UDCA as a Treatment for Diarrhoeal disease

Description:

Introduction

The global impact of diarrheal disease: Diarrhoeal diseases represent a huge global burden. In developing countries infectious diarrhoea kills 2.5 million children annually while in Western societies diarrhoea is a feature of many intestinal disorders including infectious diseases (ID), inflammatory bowel diseases (IBD), irritable bowel syndrome (IBS), celiac disease, and a number of conditions associated with bile acid malabsorption. It has been estimated by the American Gastroenterological Association that ID, IBD and IBS alone represent an annual cost to the US economy of more than $9.6 billion (€17 billion in Europe) in terms of healthcare and lost work hours. Diarrhoea is also a prominent and dose-limiting side effect of many chemotherapeutic agents, thereby limiting their therapeutic efficacy. However, despite the prevalence and impact of diarrheal diseases on global health there is still a lack of specific and effective therapeutics and no drugs to treat diarrhea directly at the level of dysregulated fluid transport currently exist.

Intestinal fluid movement occurs across the epithelial cells and is driven by ion transport processes that establish osmotic gradients. In the intestine, Cl- ion secretion is the primary driving force for fluid secretion and direct modulation of the molecular components of the epithelial secretory pathway therefore represents a logical approach for the development of new therapeutics for diarrheal disease. However, drugs that act specifically in this fashion are not yet available.

Technology

Analysis of the effects of UDCA and 6-MUDCA on Cl- secretion in vitro and in vivo. Cl- secretory responses to prototypical secretagogues, carbachol (CCh) and forskolin (FSK), were measured as changes in Isc across voltage-clamped T84 colonic epithelial cells or ex vivo mouse colon. A) UDCA and 6-MUDCA were equipotent in inhibiting Cl- secretory responses to CCh in T84 cells while B) intraperitoneal injection of UDCA (100 mg/kg) to mice enhanced responses to both CCh and FSK. C) In contrast, treatment of mice with 6-MUDCA potently inhibited agonist-induced colonic secretory responses.

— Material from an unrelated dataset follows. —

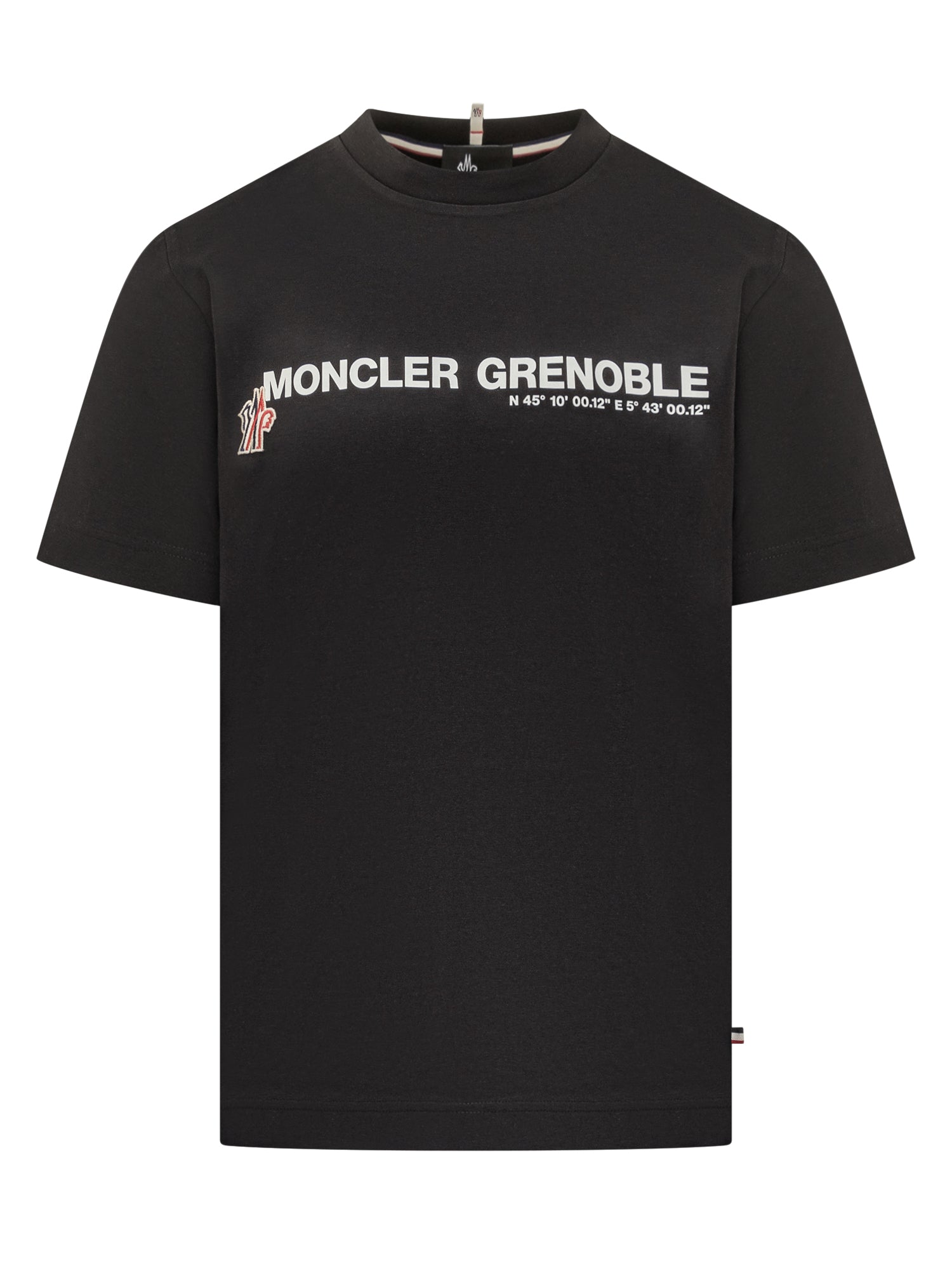 Moncler Grenoble men s T-shirt in black cotton with contrasting front logo and printed coordinates. Regular fit.

Metabolically stable analogues of ursodeoxycholic acid for treatment of diarrheal diseases. Ursodeoxycholic acid (UDCA) has been used in Traditional Chinese Medicine for 1000’s of years in treatment of a variety of ailments. More recently UDCA has found a place in Western medicine for treatment of liver disorders and it is currently under investigation for a possible therapeutic role in several other conditions. RCSI studies have revealed a novel role for UDCA in inhibiting colonic epithelial Cl- secretion, suggesting it might also be useful in treating diarrhea. However, counter-intuitive to its antisecretory actions in vitro, when it is used in clinical practice UDCA has the tendency to cause diarrhea. Our data suggest that this is likely due to the fact that in vivo UDCA is rapidly metabolised in the colon to lithocholic acid (LCA) which, in contrast to UDCA, we have found to enhance epithelial secretory capacity. This invention provides a new method to treat diarrhoeal diseases through the use of metabolically stable analogues of UDCA that cannot be converted to LCA in the colon.

Applications

Metabolically stable analogues of UDCA, typified by 6-methyl-UDCA (6-MUDCA), exert potent antisecretory effects on colonic epithelial cells in vitro and in vivo. Further RCSI studies have identified these antisecretory actions as being mediated at the molecular level through inhibition of specific transport proteins that comprise the epithelial Cl- secretory pathway. Thus, stable derivatives of UDCA may represent a new class of antidiarrheal drug that acts directly at the level of the epithelial Cl- secretory mechanism.

Advantages

UDCA is already used extensively to treat liver disease and is known to be very safe with few side effects. Stable analogues of UDCA have already been synthesised elsewhere and, on the basis of our data, these compounds may provide the first class of anti-diarrheal drugs that act directly at the level of epithelial secretory processes.

Feature	Benefit
Directly targets intestinal epithelial secretion	Avoids unnecessary side effects of indirect treatments eg constipation, bloating, central effects, etc
Potentially useful in treating a wide range of diarrhoeal diseases of different causes	Large potential market
Several stable analogues of UDCA already exist	Facilitates development
Unlike vaccines and oral rehydration solutions, drugs are easily portable and do not require refrigeration.	These are essential factors when considering distribution of a new therapeutic for diarrhoeal disease in developing countries.